It is also a classic example of a once-model social welfare program that
has defied the best of intentions and wandered into disaster.

A nonscientific survey of experts on both sides of the Atlantic found
universal agreement that loopholes in the world's most comprehensive
government-subsidized health care system are chiefly responsible for the
catastrophic explosion in drug use.

``Catastrophe'' is no exaggeration. France ``holds the world record for
deaths due to medication,'' notes Wurmser. Its prescription drug-related
mortality rate is 10 times higher than in neighboring countries and an
astounding 20-to-50 times higher for those older than 75.

Put simply, drug prices are kept so low that pharmaceutical manufacturers
must sell enormous amounts of their products to fund research and
development.

In the United States and Great Britain, the annual profit margin of drug
manufacturers is nearly 20 percent. By contrast, French firms average just
over 3 percent, according to Professor Denis Richard, chief of
pharmacological services at the Henri-Laborit Medical School in Poitiers.

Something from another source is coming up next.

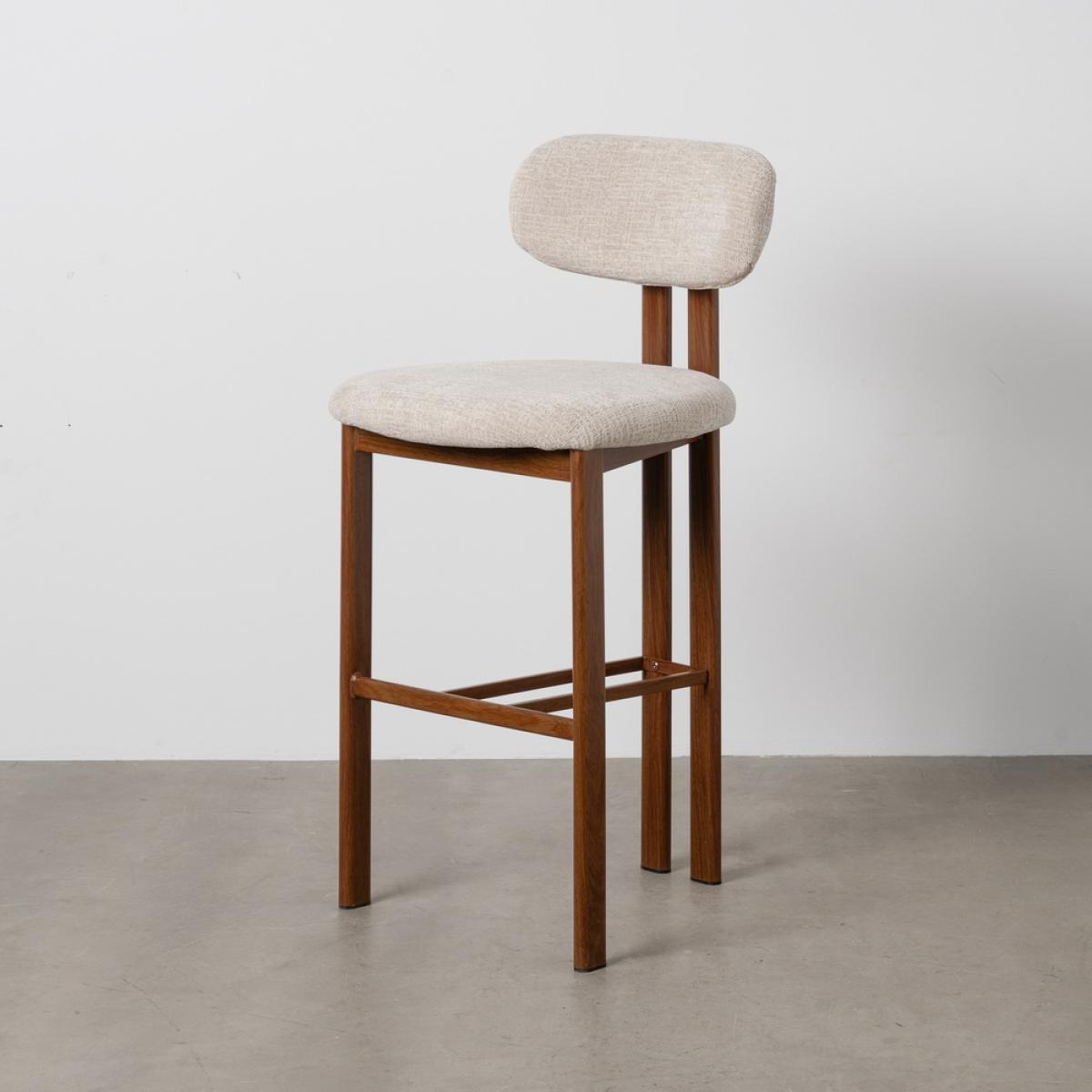 TABURETE 75CM BEIGE TEJIDO-METAL 50 X 47 X 109 CM Material: tejido 100% poliéster - metal (acero) Tejido repelente al agua. Altura asiento: 75cm. Altura respaldo: 35cm. Ancho asiento: 50cm. Precisa montaje. No apilable. Cumple normativa: EN16139:2013

``In France, the government controls drug prices, and the pharmaceutical
industry can't do much about its income except to emphasize volume,'' says
the OECD'S Dr. Poullier.

``French (drug) prices have long been less than 50 percent of the
corresponding German prices,'' notes Dr. Anne-Laurence Le Faou, author of a
book on the economics of public health in Europe.

Pharmaceuticals are the only sector of French industry in which prices are
set by the state, a policy that involves 80 percent of all medications on
the market.

To achieve volume sales, the $20 billion-a-year French pharmaceutical
industry runs giant marketing campaigns, papering city walls with posters
for drugs and inflating mass-circulation magazines with slick full-page
ads. It besieges doctors with more than 17,000 sales representatives.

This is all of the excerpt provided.